A little girl in pink pyjamas has been settled on a bloodied bed at Kuwait Specialty Hospital in Gaza’s southern city of Rafah, her face bewildered as she blinks repeatedly.
Shrapnel tore a gaping wound on her torso, which was hastily bandaged when she first arrived at the hospital. Now medics are frantically trying to decide whether to remove some of the gauze to treat her further.
Her parents hover around her, holding their two other young children, as they try to call the attention of the overworked medics.
Nearby, a girl dressed in a sodden red hoodie shrieks and shudders in pain as a medic tries to find a vein in her emaciated arm.
An elderly woman by her side tries to console the screaming girl, but the girl’s eyes are closed as she writhes in agony, clenching her jaw between shrieks.
A few beds over, a toddler, whose hair is matted with blood, breathes in and out of consciousness as doctors hurriedly stitch her head. She is heaving deeply, intermittently letting out a small cry.
In the vicinity, several medics carry the lifeless body of a little boy wearing shorts and a matching blood-soaked T-shirt onto a hospital bed, before he is shrouded in a white cloth, bundled for burial.
An elderly man approaches the boy, now covered in the white cloth, and kneels by his bed, beating his crown of white hair repeatedly in despair.
These are the scenes at the Gaza hospital following Israeli air strikes late on Sunday on a camp housing displaced Palestinians in the Tal as-Sultan area near Rafah – an area designated a safe zone.
As Israeli missiles struck the camp in the night, a fire spread rapidly, razing the encampment to the ground and killing at least 45 people, according to Gaza officials.

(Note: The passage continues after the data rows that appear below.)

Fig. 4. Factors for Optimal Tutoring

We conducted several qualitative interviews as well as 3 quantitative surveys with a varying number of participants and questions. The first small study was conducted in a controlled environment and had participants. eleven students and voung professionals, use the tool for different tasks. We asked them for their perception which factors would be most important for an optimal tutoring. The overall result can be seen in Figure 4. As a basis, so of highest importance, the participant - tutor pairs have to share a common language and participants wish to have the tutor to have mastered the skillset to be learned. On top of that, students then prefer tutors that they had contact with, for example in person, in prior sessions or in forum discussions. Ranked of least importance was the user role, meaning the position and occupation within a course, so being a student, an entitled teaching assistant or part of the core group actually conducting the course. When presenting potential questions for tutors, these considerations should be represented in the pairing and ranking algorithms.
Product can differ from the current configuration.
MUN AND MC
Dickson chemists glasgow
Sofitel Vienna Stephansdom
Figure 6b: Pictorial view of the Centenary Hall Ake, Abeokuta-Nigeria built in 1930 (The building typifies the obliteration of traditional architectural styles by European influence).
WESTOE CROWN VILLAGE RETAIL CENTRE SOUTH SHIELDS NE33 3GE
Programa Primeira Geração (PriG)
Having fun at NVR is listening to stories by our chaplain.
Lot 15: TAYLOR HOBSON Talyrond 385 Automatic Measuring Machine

In the midst of medics frantically trying to help the injured and shroud the dead, reports of an Israeli drone strike on the hospital’s entrance emerged, stating that two staff members were killed.

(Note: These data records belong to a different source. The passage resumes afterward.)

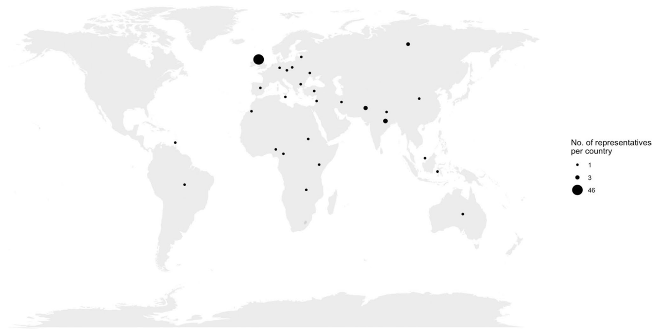
Fig. 2 Bubble map of the location of NANSIG representatives worldwide. Bubble sizes correlate to the number of representatives in each country

high-quality multi-centre research; some of which has informed national specialty reports [16, 21]. To date, NANSIG has been involved in seven (three complete, four ongoing) national research, audit and quality improvement projects, with several in the process of being developed (Table 1). The project themes are uniquely conceptualised by students or junior doctors in the NANSIG core committee. Many of NANSIG's past and ongoing projects have received the support from SBNS Academic Committee and theBNTRC in the form of project supervision and guidance, protocol review and identifying members of the data collaboration team.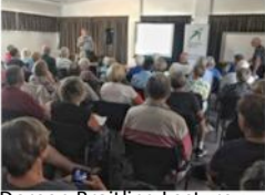
Doreen Braitling Lecture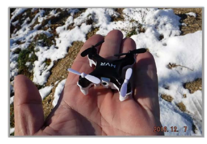
The micro drone used for interior framing system inspection.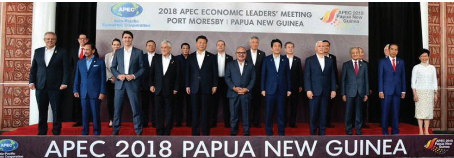
26th APEC Economic Leaders' Meeting wrapped up on November 18 in Papua New Guinea.

Papua New Guinea successfully hosted a total of more than 500 meetings as the 2018 Asia Pacific Economies Cooperation or APEC year came to a showdown.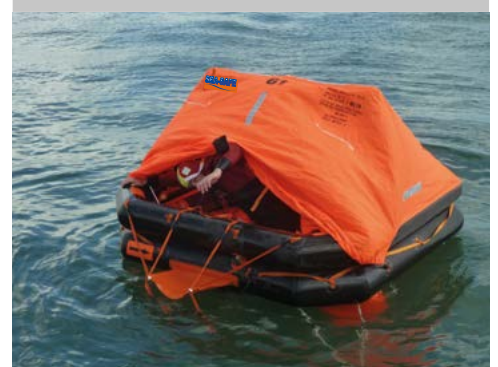
Closed and secured within seconds

Sea-Safe ProLight PL OFFSHORE CLASSICAL LIFERAFT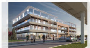
GRAND CITY Thokkottu, Mangalore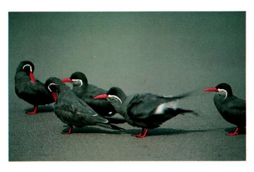
Inca Terns (Larosterna inca). Mejía, Peru, March 16, 1983.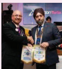
LC of Wantage & Grove. New member was inducted at Music evening.

When Dr Muhammad al-Mughayer, from the Palestinian Civil Defence, arrived at the site of the attack, the fires were still burning.
“The fires were very big and they were spreading all over the place,” al-Mughayer told Al Jazeera.
Most of those who were killed had severe burns on their bodies, he added.
As al-Mughayer’s team worked to rescue survivors and retrieve corpses, they encountered charred bodies and people whose limbs had been blown off.
The Wafa news agency, quoting the Palestine Red Crescent Society (PRCS), said that many of those who died were “burned alive” inside their tents.
According to the Israeli military, it used high-precision munitions in the attack. and they struck a Hamas compound in Rafah “on the basis of precise intelligence”.
In addition to the other Palestinians killed, the attack also took out Hamas’s chief of staff for the West Bank, as well as another senior Hamas official, the military said.
The army has said it is “aware” of reports that “several civilians in the area were harmed”.
According to a review of Israeli military evacuation orders in Rafah, by Al Jazeera’s fact-checking agency Sanad, the displaced Palestinians at the camp had not been instructed to leave for elsewhere.
Satellite imagery, which Sanad also reviewed, shows that the shelter at the site of the attack was established in January, coinciding with the arrival of hundreds of thousands of displaced people to the area from various other parts of the Strip.
Many of those who were in Tal as-Sultan seeking refuge from the fighting find themselves in anguish.
Back at the Kuwaiti Hospital, among the panicked cries of the injured and the frenetic activity of the doctors and nurses, a man lies on a hospital bed with an uncanny air of calm.
His right leg is propped up, bandaged tightly after it was injured in the attack. He is scrolling on his phone, wounded children writhing in pain on beds on either side of him.
“We were just walking around [an] hour before [the attack]. Then there was the explosion …and I didn’t understand anything,” he told Al Jazeera, saying he, his brother, and his son were all injured in the air strike.
“I saw that my leg was [wounded] … [but] I didn’t know how bad it was.”
The man, like many Palestinians, has been displaced multiple times in the besieged strip during the war. One of his brothers was killed during the near-eight-month conflict.
“What happened is really hard and there is nothing we can do,” he said.
As he speaks, a friend rushes to his side.
“The people burned! they were burned! They were all burned! What else am I supposed to say?” his friend shouts, throwing his hands in the air.
“The missile[s] came down, and exploded, and all the people burned.”
Near the now-burned camp, a trembling boy named Amr blinks back tears. He was in the bathroom when the attack took place, he says between sobs.
“It happened so fast,” Amr says, a pained expression on his face.
“It just went like this,” the little boy said, using his hands to depict an aeroplane. “None of us knew what happened”.
“We’re scared, we’re scared,” the boy, still reeling, repeated.